AVAILABLE DATA:
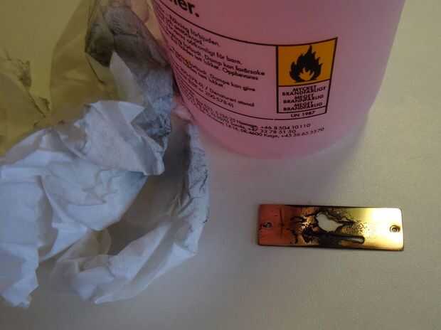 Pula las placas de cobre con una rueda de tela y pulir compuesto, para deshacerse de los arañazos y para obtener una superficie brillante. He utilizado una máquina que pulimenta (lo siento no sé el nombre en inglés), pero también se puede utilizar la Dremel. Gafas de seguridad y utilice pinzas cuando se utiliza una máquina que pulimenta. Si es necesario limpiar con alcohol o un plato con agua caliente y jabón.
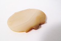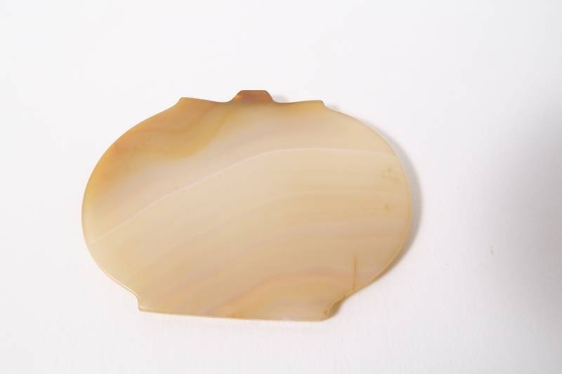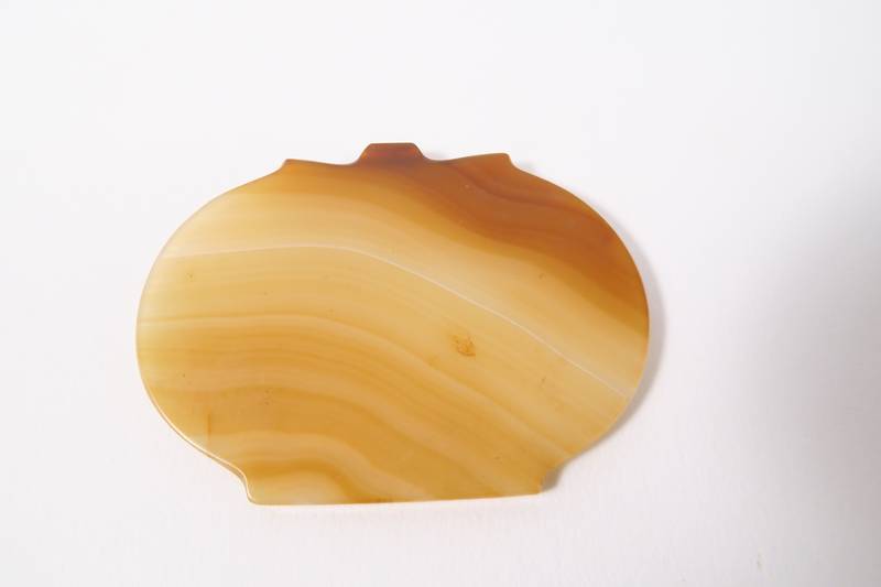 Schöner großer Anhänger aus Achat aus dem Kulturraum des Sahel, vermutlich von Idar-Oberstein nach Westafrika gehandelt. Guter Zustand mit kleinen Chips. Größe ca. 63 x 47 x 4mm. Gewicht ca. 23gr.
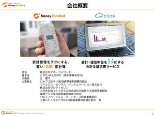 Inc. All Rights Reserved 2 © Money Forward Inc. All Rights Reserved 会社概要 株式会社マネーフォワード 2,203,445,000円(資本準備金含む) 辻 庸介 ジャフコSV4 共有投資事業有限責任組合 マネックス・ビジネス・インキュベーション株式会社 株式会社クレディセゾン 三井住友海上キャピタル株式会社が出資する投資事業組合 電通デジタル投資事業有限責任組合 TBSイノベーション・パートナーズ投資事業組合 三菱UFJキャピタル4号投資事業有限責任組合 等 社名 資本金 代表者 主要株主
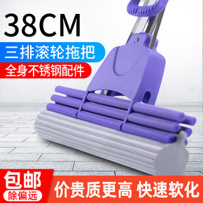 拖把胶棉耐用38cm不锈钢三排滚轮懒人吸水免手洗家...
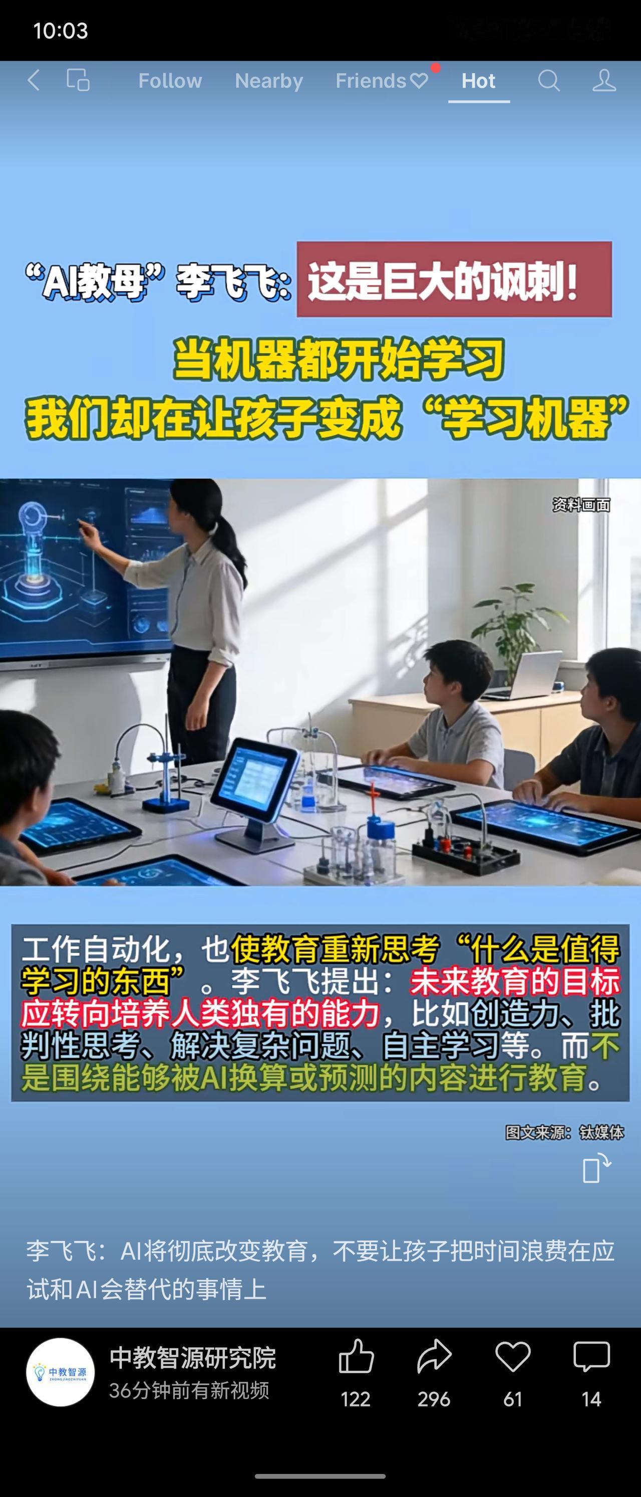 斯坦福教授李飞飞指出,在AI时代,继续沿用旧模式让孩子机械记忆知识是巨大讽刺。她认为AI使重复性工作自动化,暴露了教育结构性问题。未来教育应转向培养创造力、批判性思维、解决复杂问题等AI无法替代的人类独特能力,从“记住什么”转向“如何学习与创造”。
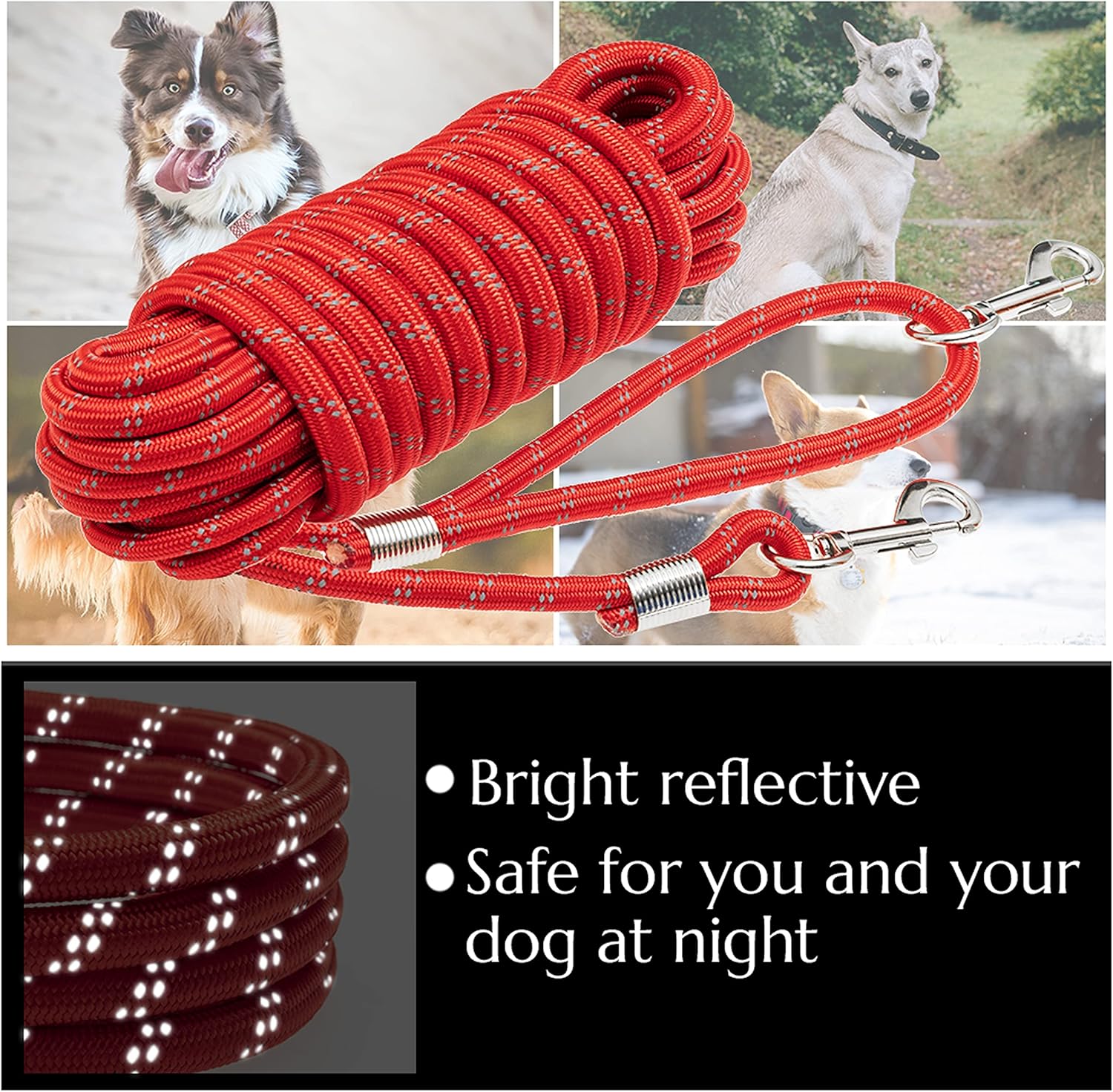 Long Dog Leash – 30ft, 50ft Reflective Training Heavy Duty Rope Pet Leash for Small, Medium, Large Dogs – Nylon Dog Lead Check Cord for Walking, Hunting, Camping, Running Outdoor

EXERCISE: When you reach the line containing "拖把胶棉耐用38cm不锈钢三排滚轮懒人吸水免手洗家..." in the listing above, reproduce it and every line after it through the last, exactly; omit the pictures.

ANSWER TO THIS PROBLEM:
 拖把胶棉耐用38cm不锈钢三排滚轮懒人吸水免手洗家...
 斯坦福教授李飞飞指出,在AI时代,继续沿用旧模式让孩子机械记忆知识是巨大讽刺。她认为AI使重复性工作自动化,暴露了教育结构性问题。未来教育应转向培养创造力、批判性思维、解决复杂问题等AI无法替代的人类独特能力,从“记住什么”转向“如何学习与创造”。
 Long Dog Leash – 30ft, 50ft Reflective Training Heavy Duty Rope Pet Leash for Small, Medium, Large Dogs – Nylon Dog Lead Check Cord for Walking, Hunting, Camping, Running Outdoor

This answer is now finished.